§ **Task item**: From the material below, return exactly the lines starting at the one that holds "Um caminhão carregado" and ending at the one that holds "VenmoKimber .22LR conversion". Pictures stay out of the answer.
^^^^^^^^^^^^^^^^
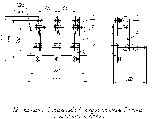 Разъединители состоят из изоляционного основания, на которое установлены три пары неподвижных контактов, которые вместе с подвижными образуют три полюса аппарата.
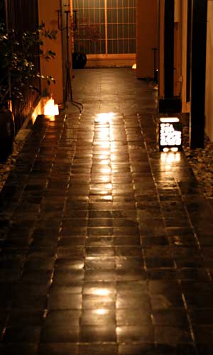 センスのいいパブリックスペースが敷地のあちこちに。日中でもほの暗い通路、漆黒の敷き瓦が足元灯の明かりを受けて艶っぽく光る。旅館の通路とは一味 違う、どことなく路地裏を歩く風情。家庭から消え去ってしまった陰影がここには残っていた。
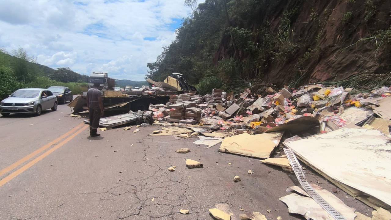 Um caminhão carregado com frangos congelados se envolveu em um acidente na manhã desta quarta-feira (11) na Serra da Santa, trecho da BR-356, em Itabirito. Segundo informações do Corpo de Bombeiros Militar de Minas Gerais, o veículo teria perdido os freios enquanto descia a serra e acabou colidindo contra uma encosta às margens da rodovia. Com o impacto, o caminhão ficou atravessado na pista, o que provocou a interdição total das duas faixas da estrada e gerou transtornos para motoristas que trafegam pela região. Apesar do susto, o motorista não sofreu ferimentos e optou por dispensar atendimento médico no local. A ocorrência ainda está em andamento. Equipes aguardam a transferência da carga para outro caminhão, procedimento necessário para que o veículo acidentado seja retirado da pista e o tráfego possa ser normalizado. Motoristas que passam pelo trecho devem redobrar a atenção e, se possível, buscar rotas alternativas até a liberação completa da via.
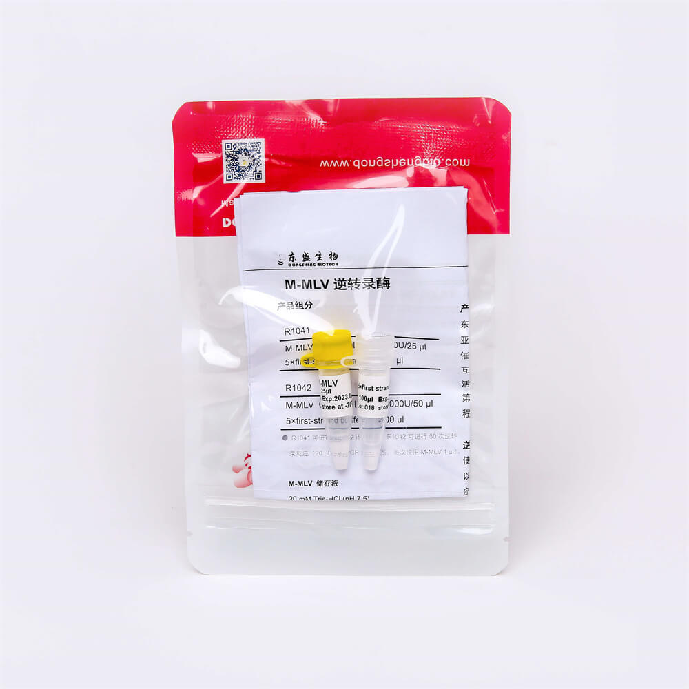 M-MLV逆转录酶是由一个 71 kD的单亚基组成的重组型DNA逆转录聚合酶。可以催化以RNA或DNA:RNA杂交链为模板的互补DNA 的聚合反应。本酶经修饰RNase H活性比普通的逆转录酶要弱很多,因此在合成第一链cDNA的过程中,可保证RNA的降解程度较低,从而使得率提高。
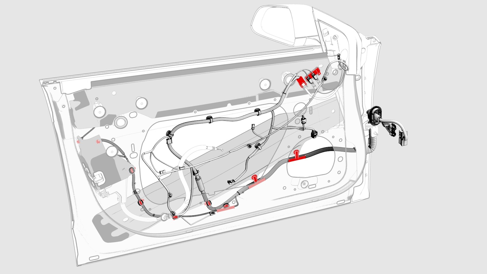 - Push the wiring harness through the door bulkhead, and then remove the harness from the door.
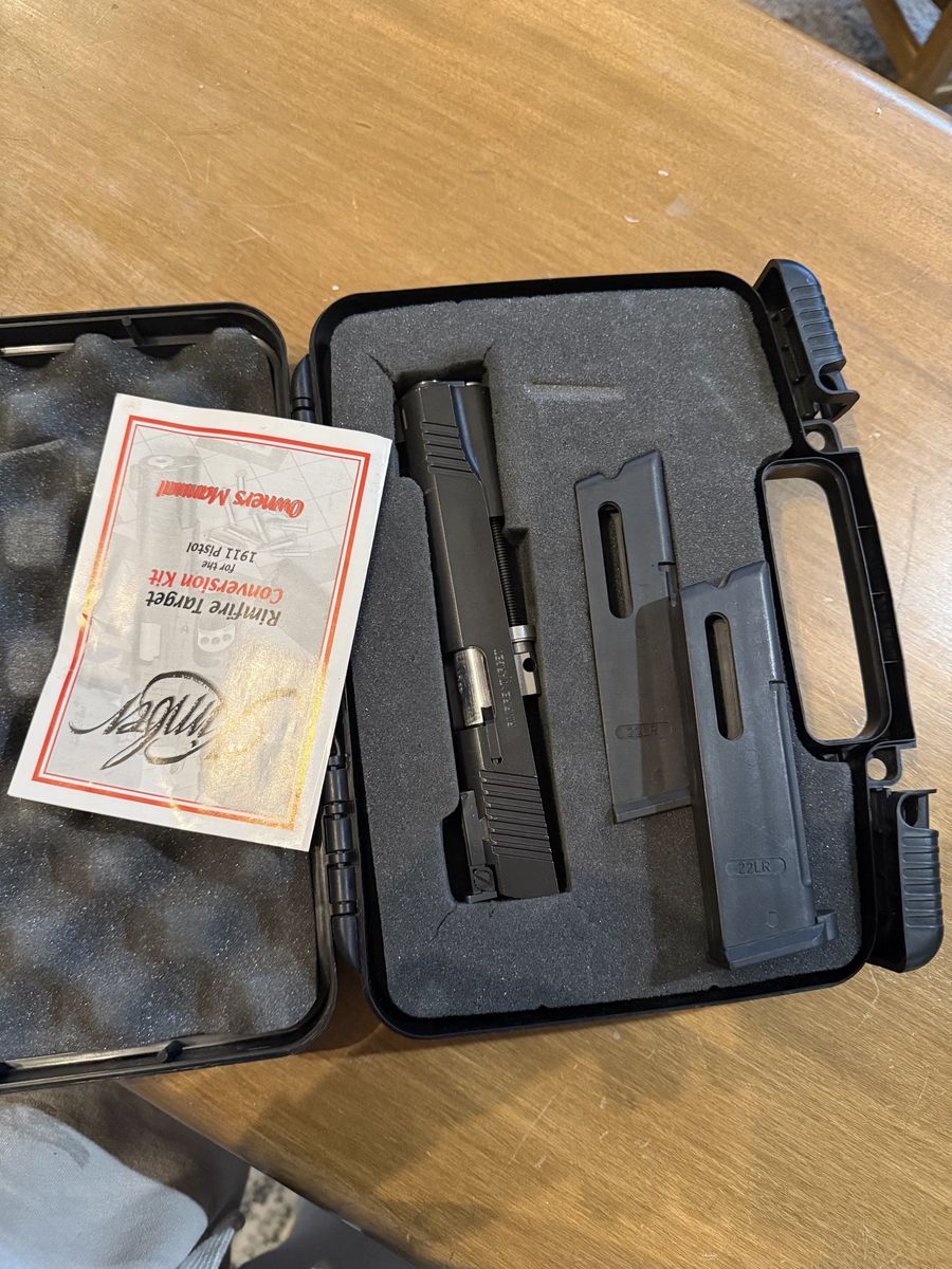 VenmoKimber .22LR conversion kit for 1911. Super fun and cheap way to shoot more without burning through .45 ammo. Runs well and a great setup for practice or just messing around at the range. Includes everything you need to swap it over price obo
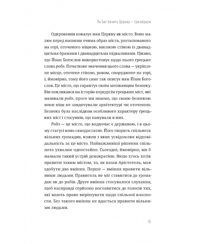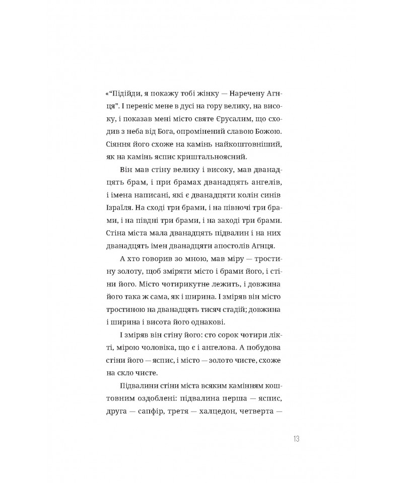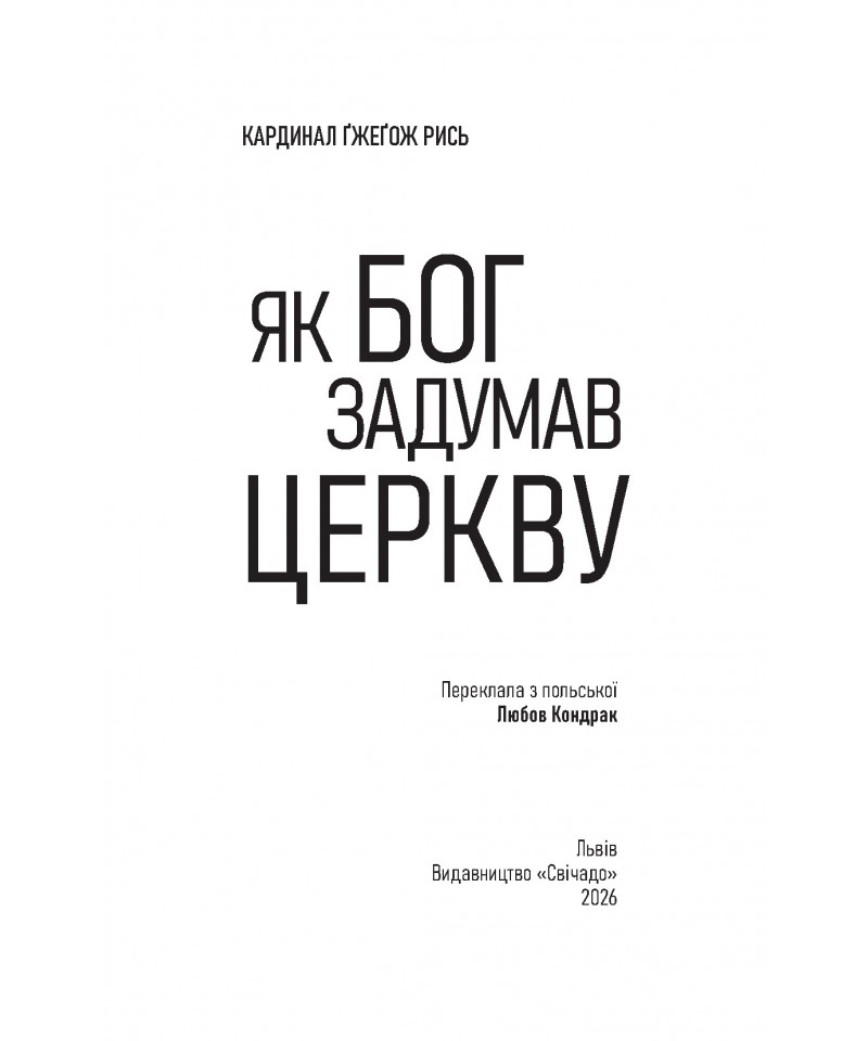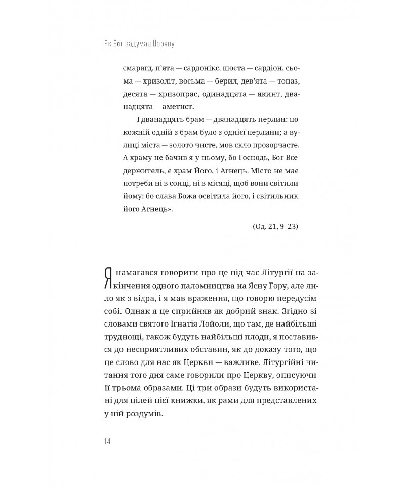 Кардинал Ґжеґож Рись - відомий автор і проповідник, один із тих, хто не боїться по-новому дивитися на Церкву, її проблеми та проектувати її майбутнє. У своїй новій книзі автор показує у трьох образах захопливу візію Церкви, якої хотів Бог. Він пише про місто, що спускається з неба, де живуть вільні й рівні між собою люди, про родину, яка створює нові кровні зв’язки, та про Наречену Агнця.
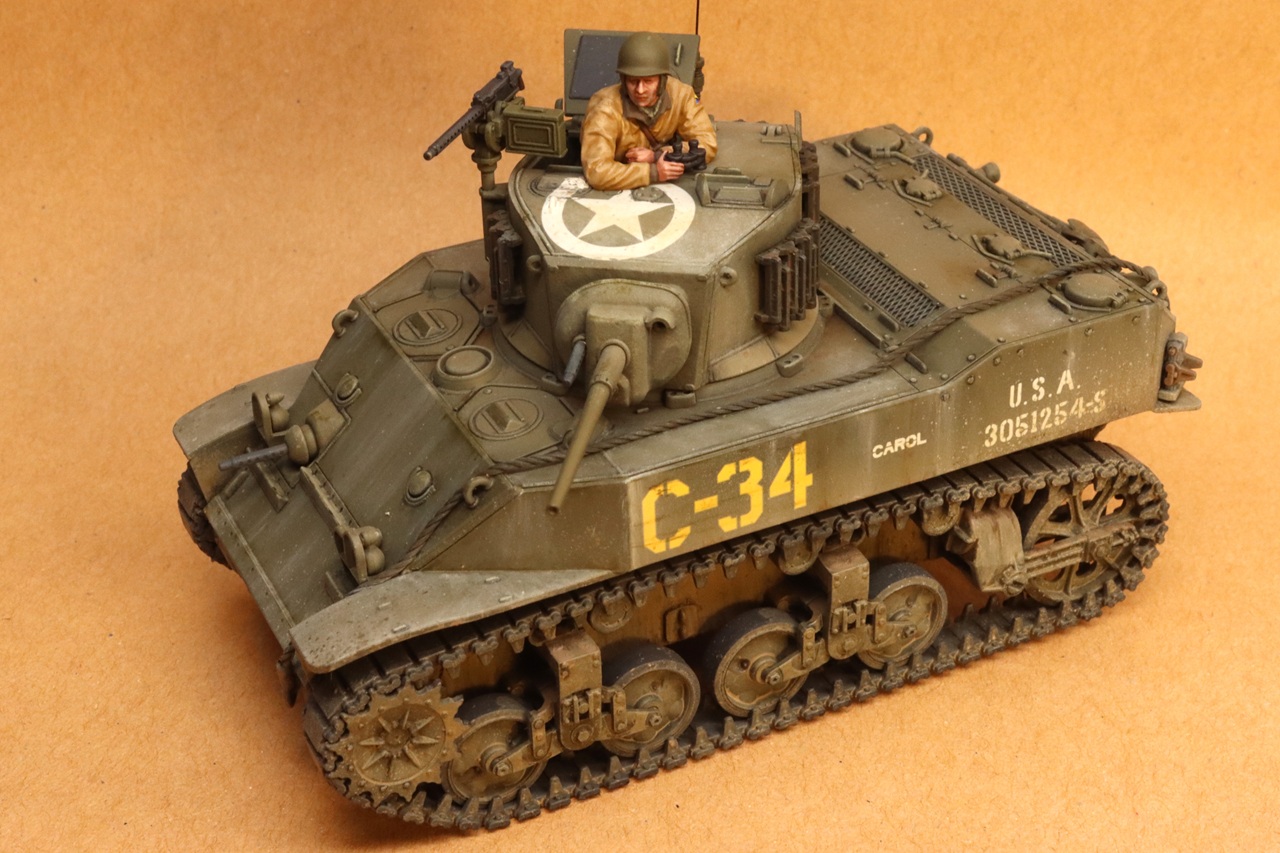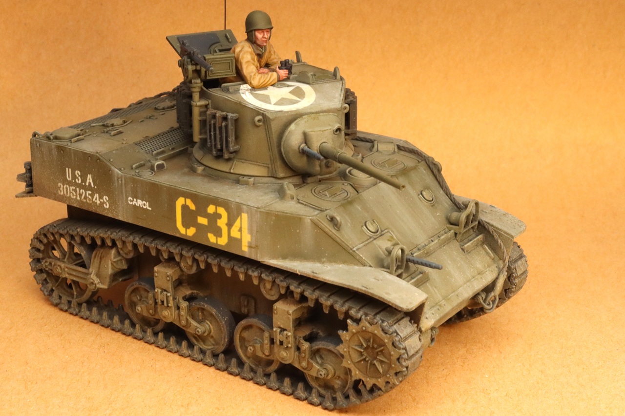 A legless tank commander figure is provided to go in the commander’s hatch. The figure is well sculpted and has a natural-looking pose. Although there is a lot of variety in how M5A1 Stuarts appeared, the kit doesn’t include any optional parts. Many photos of operational Stuarts show piles of stowage secured to the tanks, but no stowage parts ae provided. If you want stowage, sandbags, spoked wheels, sand skirts, or a machine gun shield you’ll need to source the parts elsewhere. I imagine that this lack of extra stuff is meant to keep the kit simple and below the cost of 1/35th scale kits. This is a very compact little model. If you are short on display space or are worried about complex dioramas getting too large or expensive, these Tamiya 1/48th kits are worth considering. This kit goes together simply and easily but still results in a good-looking model. This is a good entry-level kit for someone new to armor modelling, but it is not so simplified that a little extra effort won’t result in a satisfying build for someone used to more expensive and complex kits.
^^^^^^^^^^^^^^^^
§ **Answer to the exercise**:
 Um caminhão carregado com frangos congelados se envolveu em um acidente na manhã desta quarta-feira (11) na Serra da Santa, trecho da BR-356, em Itabirito. Segundo informações do Corpo de Bombeiros Militar de Minas Gerais, o veículo teria perdido os freios enquanto descia a serra e acabou colidindo contra uma encosta às margens da rodovia. Com o impacto, o caminhão ficou atravessado na pista, o que provocou a interdição total das duas faixas da estrada e gerou transtornos para motoristas que trafegam pela região. Apesar do susto, o motorista não sofreu ferimentos e optou por dispensar atendimento médico no local. A ocorrência ainda está em andamento. Equipes aguardam a transferência da carga para outro caminhão, procedimento necessário para que o veículo acidentado seja retirado da pista e o tráfego possa ser normalizado. Motoristas que passam pelo trecho devem redobrar a atenção e, se possível, buscar rotas alternativas até a liberação completa da via.
 M-MLV逆转录酶是由一个 71 kD的单亚基组成的重组型DNA逆转录聚合酶。可以催化以RNA或DNA:RNA杂交链为模板的互补DNA 的聚合反应。本酶经修饰RNase H活性比普通的逆转录酶要弱很多,因此在合成第一链cDNA的过程中,可保证RNA的降解程度较低,从而使得率提高。
 - Push the wiring harness through the door bulkhead, and then remove the harness from the door.
 VenmoKimber .22LR conversion kit for 1911. Super fun and cheap way to shoot more without burning through .45 ammo. Runs well and a great setup for practice or just messing around at the range. Includes everything you need to swap it over price obo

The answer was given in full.